Task prompt
When you transcribe the entries below, keep the wording exact and omit the pictures.

Dataset excerpts:
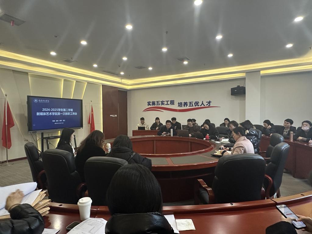 2月21日下午,我校新媒体艺术学院在行政楼2302会议室召开2024-2025学年第二学期第一次教职工例会,校长助理兼新媒体艺术学院院长张红梅出席,学院党总支书记甘雪梅、副院长李蓉及学院全体教职工参加,会议由副院长李蓉主持。
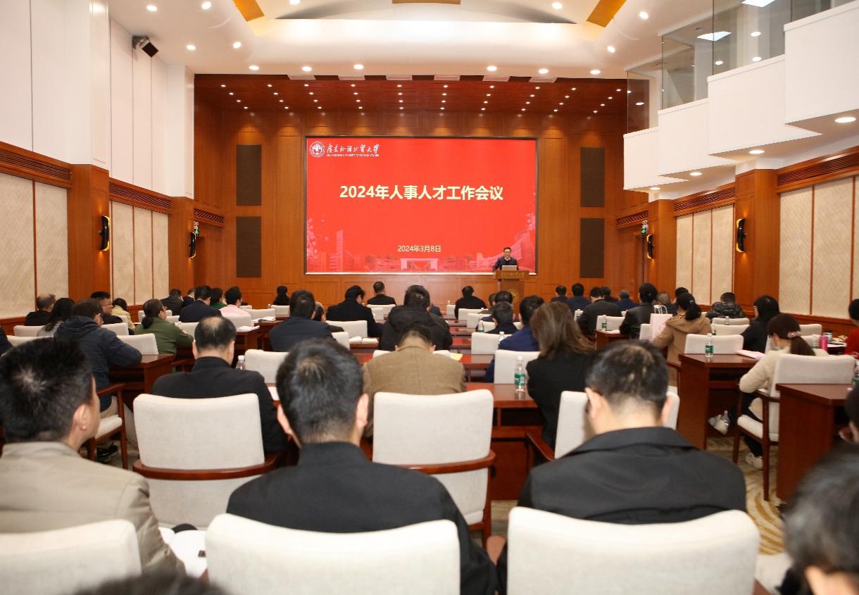 本網訊 3月8日上午,我校2024年人事人才工作會議在白云山校區國際會議廳舉行。校黨委書記石佑啟、校長閆相斌、副校長申明浩,各教學單位院長(主任)、書記,黨政群部門、科研單位、教輔機構主要負責人,以及人力資源部(教師發展中心)全體工作人員等參加會議。會議由閆相斌主持。
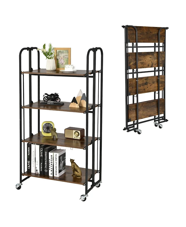 4-Tier Foldable Storage Shelf Collapsible Storage Rack with Lockable Wheels
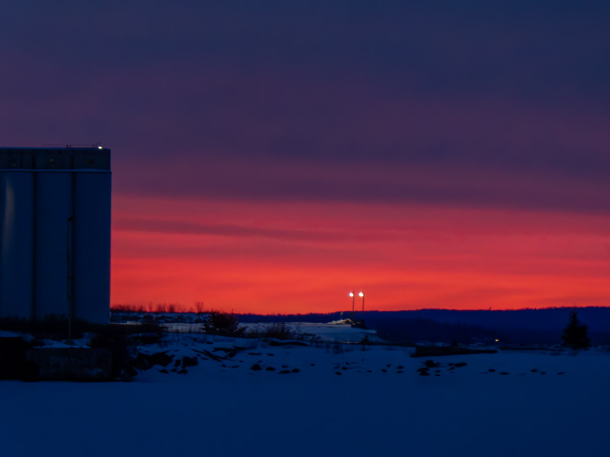 There was some red in the eastern sky.  The problem was that I had to point the camera into a very strong wind.   Wind is not good for longer exposures.  The camera does vibrate with the big gusts.  There was no place to go to get out of the wind.  If I got out of the wind, I can’t see the red shy.
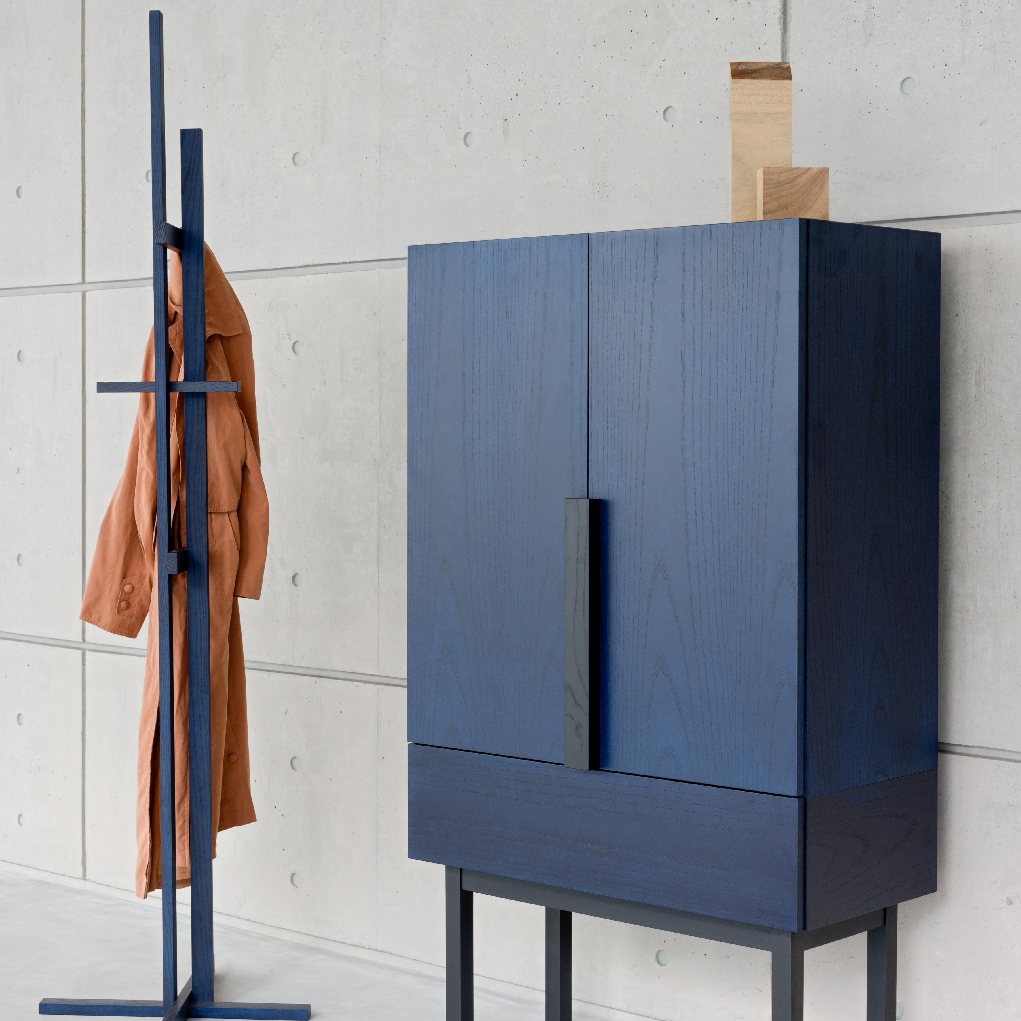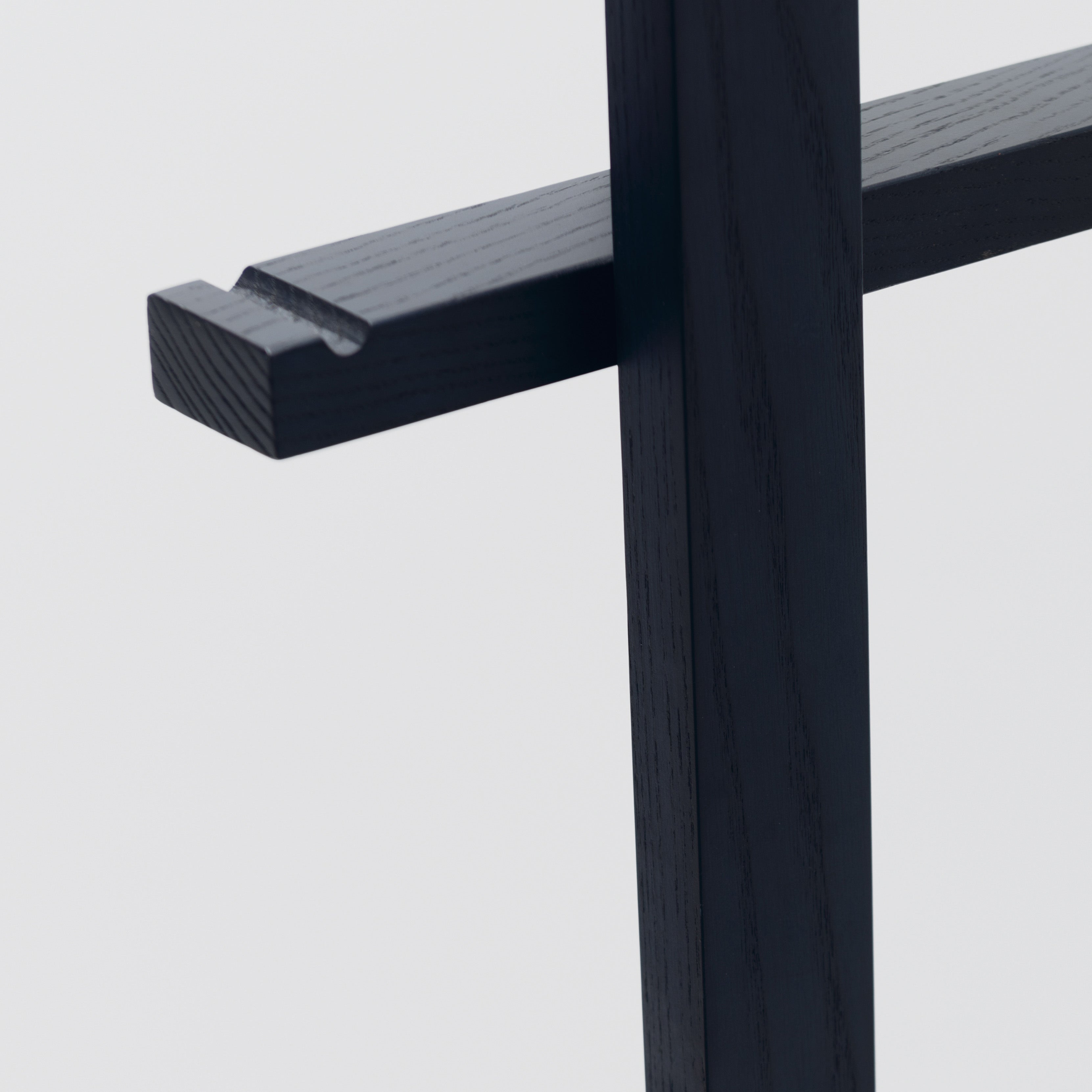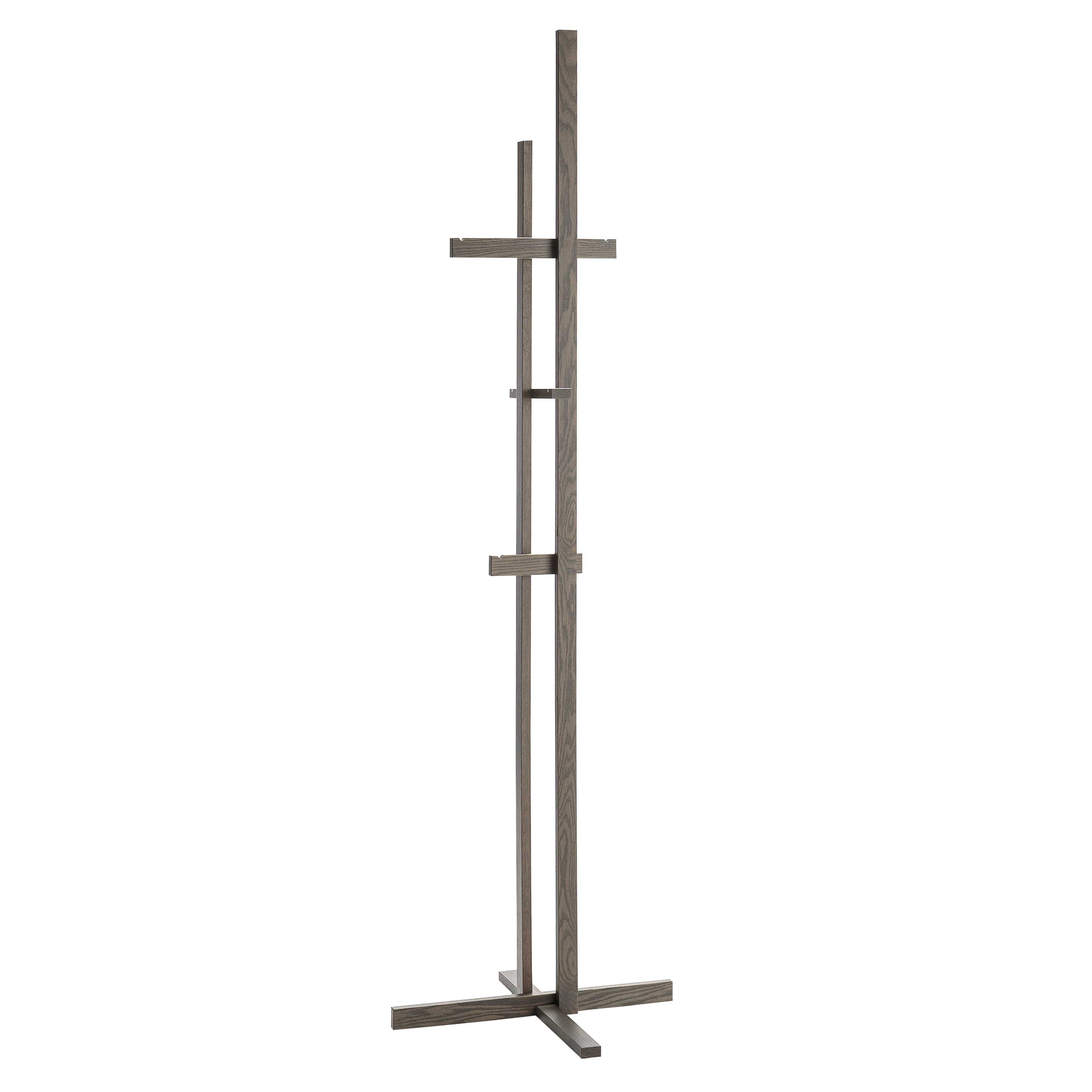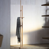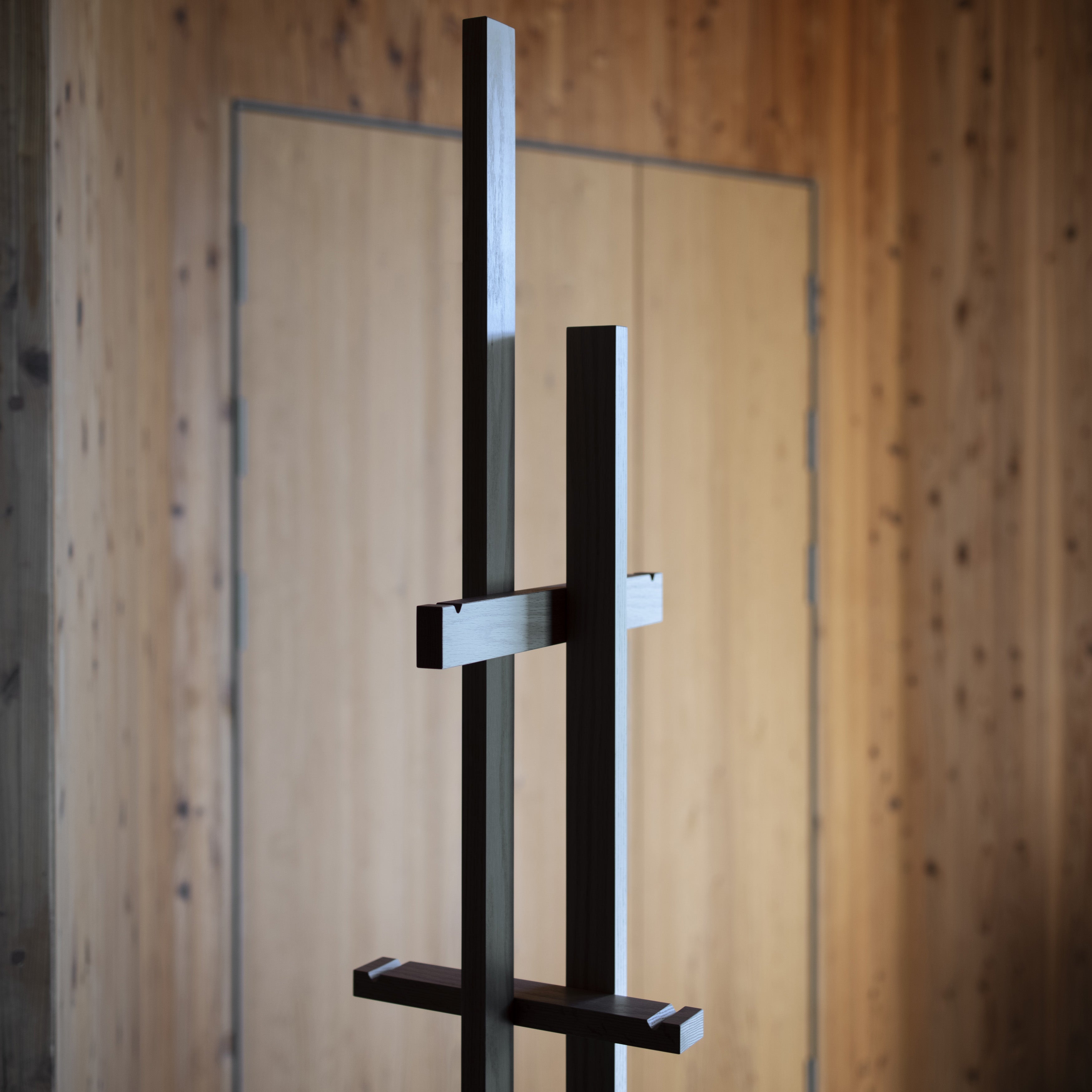 The Elements Coat Stand is a functional sculpture made from a single type of timber in varying lengths. Its unique construction features joints at different angles, allowing the stand to change its appearance based on the viewing angle. Designed with a "face side" for hanging more clothes and a "back side" to face the wall, it is both practical and artistic. Available in 5 finsihes of oak or ash.
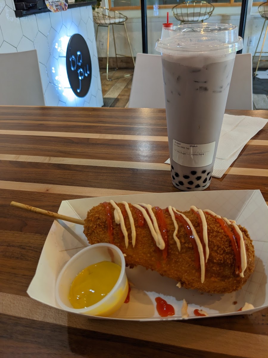 Coffee lovers can sip on the Coffee Milk Tea with Boba, a bold blend of roasted coffee and silky milk tea that energizes your day. For a savory snack, the All Cheese Korean Corndog is a must-try - crispy on the outside, cheesy on the inside, and utterly satisfying. And for something fruity and refreshing, the Blueberry Smoothie offers the perfect balance of sweetness and tang.
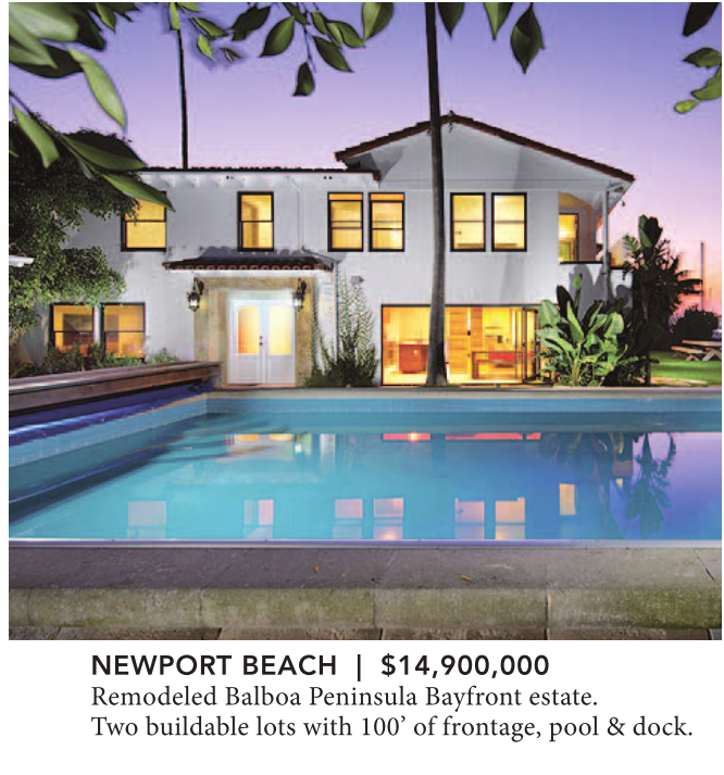 NEWPORT BEACH | $14,900,000 Remodeled Balboa Peninsula Bayfront estate. Two buildable lots with 100’ of frontage, pool & dock.
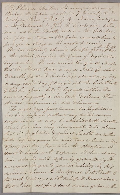 Case of John Gordon of Greishop who is being treated with electricity for an inability to swallow. |
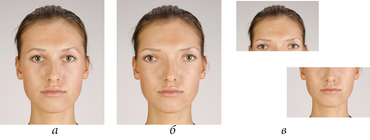 Рис. 1. Образец фотографии: а — фотоизображение физически привлекательной женщины; б — фотография с измененным межглазным расстоянием по типу орбитального гипертелоризма; в — фотография, разделенная пополам

Reply
 2月21日下午,我校新媒体艺术学院在行政楼2302会议室召开2024-2025学年第二学期第一次教职工例会,校长助理兼新媒体艺术学院院长张红梅出席,学院党总支书记甘雪梅、副院长李蓉及学院全体教职工参加,会议由副院长李蓉主持。
 本網訊 3月8日上午,我校2024年人事人才工作會議在白云山校區國際會議廳舉行。校黨委書記石佑啟、校長閆相斌、副校長申明浩,各教學單位院長(主任)、書記,黨政群部門、科研單位、教輔機構主要負責人,以及人力資源部(教師發展中心)全體工作人員等參加會議。會議由閆相斌主持。
 4-Tier Foldable Storage Shelf Collapsible Storage Rack with Lockable Wheels
 There was some red in the eastern sky.  The problem was that I had to point the camera into a very strong wind.   Wind is not good for longer exposures.  The camera does vibrate with the big gusts.  There was no place to go to get out of the wind.  If I got out of the wind, I can’t see the red shy.
 The Elements Coat Stand is a functional sculpture made from a single type of timber in varying lengths. Its unique construction features joints at different angles, allowing the stand to change its appearance based on the viewing angle. Designed with a "face side" for hanging more clothes and a "back side" to face the wall, it is both practical and artistic. Available in 5 finsihes of oak or ash.
 Coffee lovers can sip on the Coffee Milk Tea with Boba, a bold blend of roasted coffee and silky milk tea that energizes your day. For a savory snack, the All Cheese Korean Corndog is a must-try - crispy on the outside, cheesy on the inside, and utterly satisfying. And for something fruity and refreshing, the Blueberry Smoothie offers the perfect balance of sweetness and tang.
 NEWPORT BEACH | $14,900,000 Remodeled Balboa Peninsula Bayfront estate. Two buildable lots with 100’ of frontage, pool & dock.
 Case of John Gordon of Greishop who is being treated with electricity for an inability to swallow. |
 Рис. 1. Образец фотографии: а — фотоизображение физически привлекательной женщины; б — фотография с измененным межглазным расстоянием по типу орбитального гипертелоризма; в — фотография, разделенная пополам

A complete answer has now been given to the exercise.